--- The task ---
Reprint all entries without any alteration.

--- Data extract ---
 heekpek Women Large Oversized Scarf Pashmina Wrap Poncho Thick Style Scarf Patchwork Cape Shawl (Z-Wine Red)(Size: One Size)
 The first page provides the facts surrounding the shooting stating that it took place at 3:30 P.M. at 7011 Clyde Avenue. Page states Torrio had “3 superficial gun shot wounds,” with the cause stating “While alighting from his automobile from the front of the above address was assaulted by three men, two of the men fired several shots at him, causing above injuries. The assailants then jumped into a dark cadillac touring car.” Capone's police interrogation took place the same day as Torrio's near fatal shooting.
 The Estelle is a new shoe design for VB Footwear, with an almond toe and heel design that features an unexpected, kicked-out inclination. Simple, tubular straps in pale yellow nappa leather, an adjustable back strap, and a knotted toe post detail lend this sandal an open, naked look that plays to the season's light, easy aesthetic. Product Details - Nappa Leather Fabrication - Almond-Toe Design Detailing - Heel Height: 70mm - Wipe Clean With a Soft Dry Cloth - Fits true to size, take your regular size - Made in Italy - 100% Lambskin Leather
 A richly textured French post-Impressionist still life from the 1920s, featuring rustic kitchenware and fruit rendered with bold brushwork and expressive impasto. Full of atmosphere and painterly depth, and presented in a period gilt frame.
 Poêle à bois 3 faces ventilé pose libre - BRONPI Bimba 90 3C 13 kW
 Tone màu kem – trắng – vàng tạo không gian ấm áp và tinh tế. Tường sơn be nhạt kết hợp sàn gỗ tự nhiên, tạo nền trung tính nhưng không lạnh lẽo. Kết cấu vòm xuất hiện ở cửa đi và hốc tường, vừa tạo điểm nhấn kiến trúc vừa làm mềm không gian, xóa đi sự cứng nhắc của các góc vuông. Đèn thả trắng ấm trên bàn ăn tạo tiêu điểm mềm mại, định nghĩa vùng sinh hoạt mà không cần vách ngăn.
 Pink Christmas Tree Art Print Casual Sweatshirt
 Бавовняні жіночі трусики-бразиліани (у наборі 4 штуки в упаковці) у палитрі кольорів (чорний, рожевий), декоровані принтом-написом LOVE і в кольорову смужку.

--- Answer for the task ---
 heekpek Women Large Oversized Scarf Pashmina Wrap Poncho Thick Style Scarf Patchwork Cape Shawl (Z-Wine Red)(Size: One Size)
 The first page provides the facts surrounding the shooting stating that it took place at 3:30 P.M. at 7011 Clyde Avenue. Page states Torrio had “3 superficial gun shot wounds,” with the cause stating “While alighting from his automobile from the front of the above address was assaulted by three men, two of the men fired several shots at him, causing above injuries. The assailants then jumped into a dark cadillac touring car.” Capone's police interrogation took place the same day as Torrio's near fatal shooting.
 The Estelle is a new shoe design for VB Footwear, with an almond toe and heel design that features an unexpected, kicked-out inclination. Simple, tubular straps in pale yellow nappa leather, an adjustable back strap, and a knotted toe post detail lend this sandal an open, naked look that plays to the season's light, easy aesthetic. Product Details - Nappa Leather Fabrication - Almond-Toe Design Detailing - Heel Height: 70mm - Wipe Clean With a Soft Dry Cloth - Fits true to size, take your regular size - Made in Italy - 100% Lambskin Leather
 A richly textured French post-Impressionist still life from the 1920s, featuring rustic kitchenware and fruit rendered with bold brushwork and expressive impasto. Full of atmosphere and painterly depth, and presented in a period gilt frame.
 Poêle à bois 3 faces ventilé pose libre - BRONPI Bimba 90 3C 13 kW
 Tone màu kem – trắng – vàng tạo không gian ấm áp và tinh tế. Tường sơn be nhạt kết hợp sàn gỗ tự nhiên, tạo nền trung tính nhưng không lạnh lẽo. Kết cấu vòm xuất hiện ở cửa đi và hốc tường, vừa tạo điểm nhấn kiến trúc vừa làm mềm không gian, xóa đi sự cứng nhắc của các góc vuông. Đèn thả trắng ấm trên bàn ăn tạo tiêu điểm mềm mại, định nghĩa vùng sinh hoạt mà không cần vách ngăn.
 Pink Christmas Tree Art Print Casual Sweatshirt
 Бавовняні жіночі трусики-бразиліани (у наборі 4 штуки в упаковці) у палитрі кольорів (чорний, рожевий), декоровані принтом-написом LOVE і в кольорову смужку.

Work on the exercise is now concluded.